Meteorological conditions often vary across an area on the same night with associated effects on
the distribution of RSTs. Therefore it is important to delineate relatively homogenous areas
where conditions could be expected to be similar. This leads to the identification of Climatic
Domains, which must also be considered when recommending or locating road weather stations.
Summary
Thermal Mapping is a technique that measures RST under key winter weather conditions, leading
to the production of isothermally colour coded maps depicting the distribution of RST over a
surveyed network.
The results provide invaluable information for highway engineers who deal with potentially
dangerous winter driving conditions. The value of Thermal Mapping is then greatly enhanced
when combined with road weather stations and meteorological forecasts under an ice prediction
or Decision Support system.
Thermal Mapping was completed in Colorado along I‐25, I‐70, I‐76, I‐225, US 36, US 287, US 85,
US 40 and US 6 between during the latter stages of 2013. This report discusses the results of
those surveys, including the production of the Thermal Maps.
7
CHAPTER 3
Terminology
Thermal Mapping The measurement of the spatial variation of RST along a road using an infrared radiation
pyrometer.
Thermal Fingerprints The graphical representation of RSTs plotted against distance, relative to the average RST for that
particular survey Route on that particular night.
Relative Average Not an actual temperature but the relative average for the road network covered by Thermal
Mapping surveys.
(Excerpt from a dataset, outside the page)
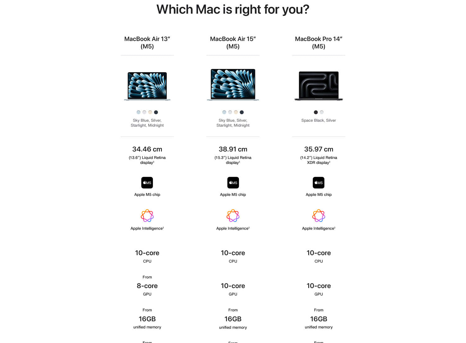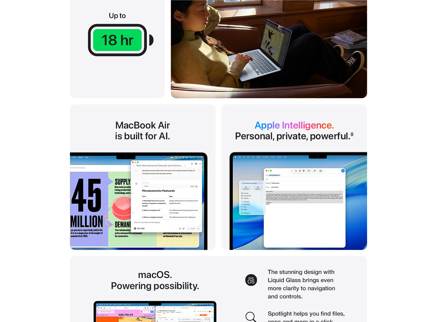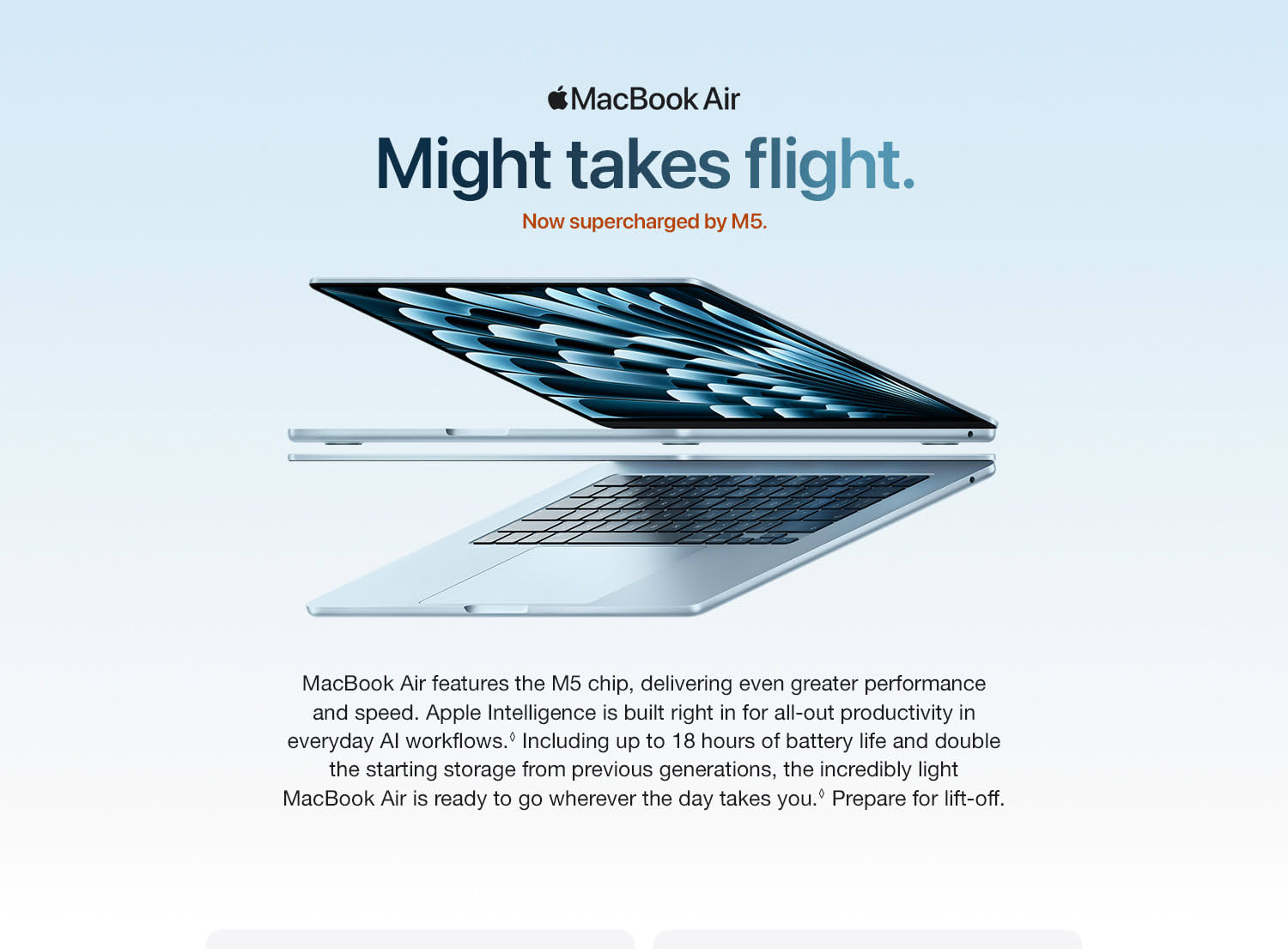 MacBook Air with the M5 chip packs blazing speed and powerful AI capabilities into an incredibly portable design. With Apple Intelligence, up to 18 hours of battery life and fast SSD storage starting from 512GB, you can work, create and play anywhere life takes you.

All roads within the network are related to this average using different colour
bands.
Thermal Maps Maps of the distribution of RST under different meteorological conditions by isothermally colour
coded (2ºF) bands. These are related to the relative average RST for the region, which will change
from one night to the next according to prevailing air mass and weather system.
Climatic Domains Regions within a survey area that may experience differing meteorological conditions on any one
night.
Marginal Night Nights when the lowest RST for the region is forecast to be at or close to freezing.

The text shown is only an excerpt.